Because the course project requires the use of CNKI crawler, I found CyrusRenty's CNKI-download warehouse after searching on GitHub, but after cloning it, I found that it was not usable, so I modified it. Except for downloading documents and verification code functions, the rest Functional testing is available.
Because only accessing the campus network cannot make Zhiwang identify the school (it needs to go through another school's VPN), I cannot use o(╥﹏╥)o to download the document function, so I cannot modify it. I have not encountered verification codes. Trying to ensure sufficient interval when crawling each page should be able to avoid this problem.
PS: For issues such as NoneType, I ignored them with a crude try catch. Therefore, if you see that there is no data in a certain row of Excel in the Excel row after the crawling is completed, just delete it as noise ~ If you urgently need all the complete fields, File an issue and I'll see if I can help.
PS: Sometimes the following error may be reported when running the crawler:
In this case, please turn off the global proxy VPN, enter the CNKI address in the browser to see if you can enter normally, and then try to run the program again and again.
If you have any questions about this project, you can raise an issue directly. I hope I can help you to the best of my ability! If you have better code to incorporate, Feichang welcomes PR!
The following content is taken from the original author, and I pay tribute to the original author∠(°ゝ°)
The project is a crawler implemented based on Python3 to crawl CNKI data. It can be searched according to CNKI advanced search and provides detailed information crawling functions such as basic document information, document downloads, and document abstracts.
The implementation process can be viewed on my blog
The program runs as follows:
The detailed information excel table is as follows:
Download caj as follows:
Capturing data by sending parsing packets has slightly higher performance than using selenium and other methods.
You can use CNKI’s advanced search function to search and retrieve documents more efficiently.
The function of capturing detailed information and downloading caj documents can be selectively turned on according to the anti-crawler situation of the network and CNKI.
Use excel tables to quickly view the required literature abstracts and other information.

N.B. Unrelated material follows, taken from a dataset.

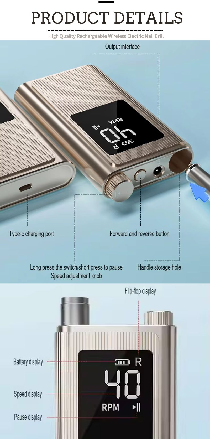 Isici Nokusetshenzwa Kwe-40,000 RPM High-Speed Professional Nail Drill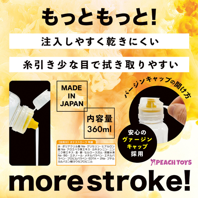 『オナホにはコレでしょっ!!』『もっともっと!more stroke!』高潤滑オナホ専用ローション!「オナストローク」「オナストローク特濃」の2タイプが登場です!!・糸引き少な目で拭き取りやすい・安心のヴァージンキャップ採用(横向きに引きちぎってからキャップを開けてください。)・注入しやすく乾きにくい・ヒアルロン酸、アロエエキス、カキタンニンエキス、ニンニクエキス配合、無香料パッケージサイズ:高さ:18.0cm/底面直径:5.9cm内容量:360ml

You can selectively download according to the download links provided by excel to prevent the CNKI network from being reversely crawled due to excessive downloading.
tesserocr
is used in the verification code processing part, but the verification effect is not very good at present, so manual identification of verification codes is enabled by default.If
tesseract
is not installed locally, you can install it first and then executepip install tesserocr
. Or comment out lines 15, 63, and 64 of theCrackVerifyCode.py
file and then execute the installation command.
pip install -r requirements.txt
# Config.ini is the project configuration file # 0 is closed 1 is open isDownloadFile = 1 # Whether to download the file isCrackCode=0 # Whether to automatically recognize the verification code isDetailPage=0 # Whether to save the document details to excelisDownLoadLink # Whether to save the download link in excel stepWaitTime=5 # Pause time for each download and crawl details page
It is recommended not to open the download and crawl details pages at the same time, and the pause time should not be less than 3 seconds.
python run-spider.py
After the crawler is finished running, all data will be saved in the data folder. The old data folder will be automatically deleted every time the program is re-run.
CNKI_download -- data 存放所有爬取数据 -- CAJs 存放所有下载的caj原文 -- xxxxxxx.caj -- xxxxxxx.caj -- Links.txt 所有爬取文献的下载链接 -- ReferenceList.txt 爬取文献简要信息 -- Reference_detail.xls 文献详细信息excel表
The premise for the project to run is that the computer can access CNKI through IP and download it (most schools have purchased databases). When I was about to finish writing, I found that there is still a jump interface, and public network access will be added in the future.
If "access denied by the remote host" appears, you can appropriately lengthen the pause time for each session.
If you run it once, remember to close all the files in the data folder before running it again, otherwise an error may be reported because the data folder cannot be deleted.
If you only crawl information without downloading it, you may repeatedly enter the verification code (even if it is entered correctly) after running about 1,000 documents. It’s not yet known what the reason is
Complete other unimplemented functionality for advanced searches.
Add the specified start crawling page information to crawl again from the last error.
Add a public network jump to the CNKI interface to ensure that users who cannot log in via IP can still use this crawler.
Create a proxy pool to implement proxy IP access based on public network jumps, reducing the number of IP addresses blocked by CNKI and the number of verification code inputs.
Write program implementation and analysis process records.